• **TASK ITEM**: Before copying, find the line below that contains "[사진뉴스]정해년을 앞두고 황금돼지가 그려진 방석등 판매"; then return it and all later lines exactly, up to and including the final line, with no pictures.

• **THE DATA**:
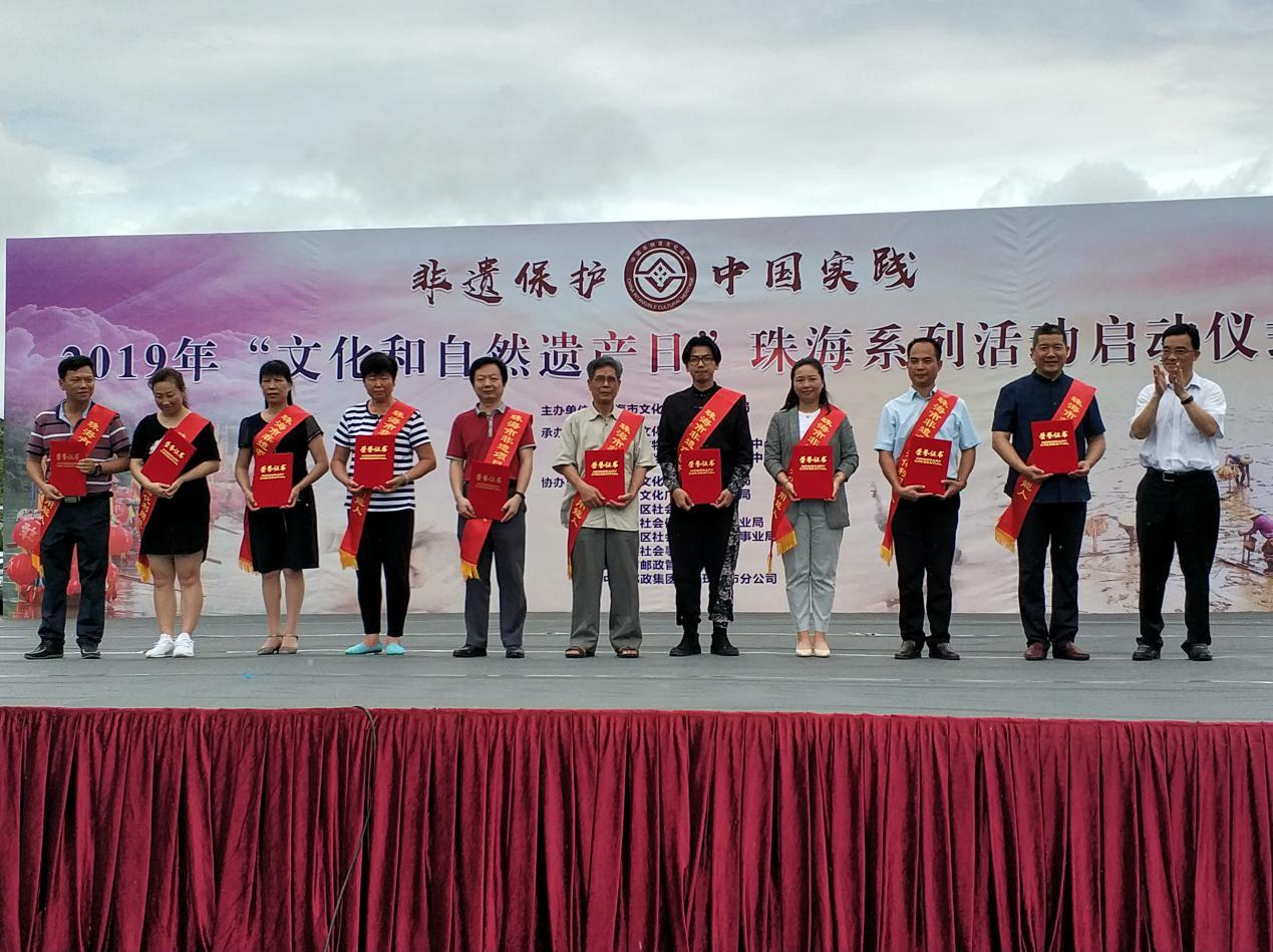 启动仪式现场颁发了珠海市第八批市级非物质文化遗产代表性传承人证书,并进行珠海市首套非物质文化遗产代表性名录题材系列纪念邮品发行。同时,仪式以授予非遗项目“活化利用能人”称号的形式,鼓励近年来在非遗活化利用方面作出贡献的各领域人士。
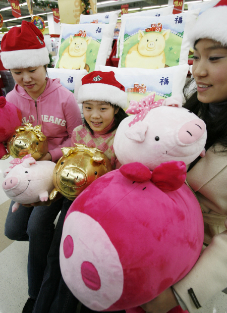 [사진뉴스]정해년을 앞두고 황금돼지가 그려진 방석등 판매
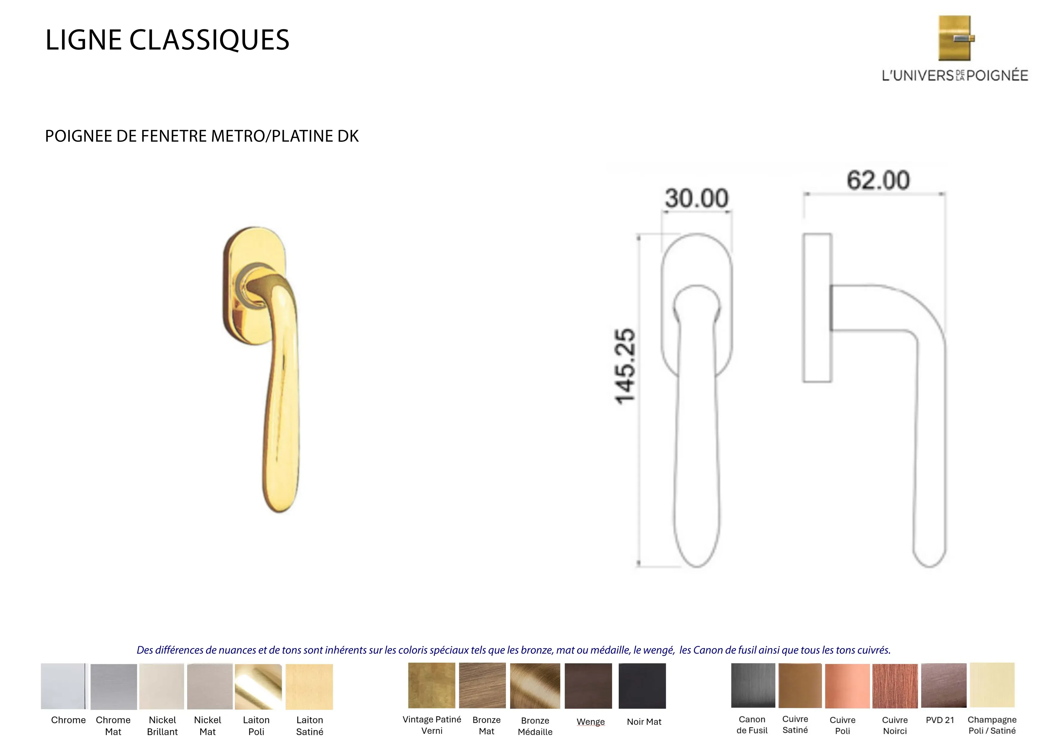 Parce que chaque intérieur mérite une finition sur mesure, la poignée de fenêtre Eole est disponible en plus de 15 coloris différents, parmi lesquels : Laiton satiné ; Laiton poli ; Chrome mat ; Chrome brillant ; Nickel mat ; Nickel brillant ; Bronze mat ; Bronze médaille ; Bronze vintage ; Wengé ; Blanc ; Noir mat ; Canon de fusil ; Cuivre satiné ; Cuivre brillant ; Cuivre noirci ; Champagne mat ; Champagne brillant

• **FINISHED TASK**:
 [사진뉴스]정해년을 앞두고 황금돼지가 그려진 방석등 판매
 Parce que chaque intérieur mérite une finition sur mesure, la poignée de fenêtre Eole est disponible en plus de 15 coloris différents, parmi lesquels : Laiton satiné ; Laiton poli ; Chrome mat ; Chrome brillant ; Nickel mat ; Nickel brillant ; Bronze mat ; Bronze médaille ; Bronze vintage ; Wengé ; Blanc ; Noir mat ; Canon de fusil ; Cuivre satiné ; Cuivre brillant ; Cuivre noirci ; Champagne mat ; Champagne brillant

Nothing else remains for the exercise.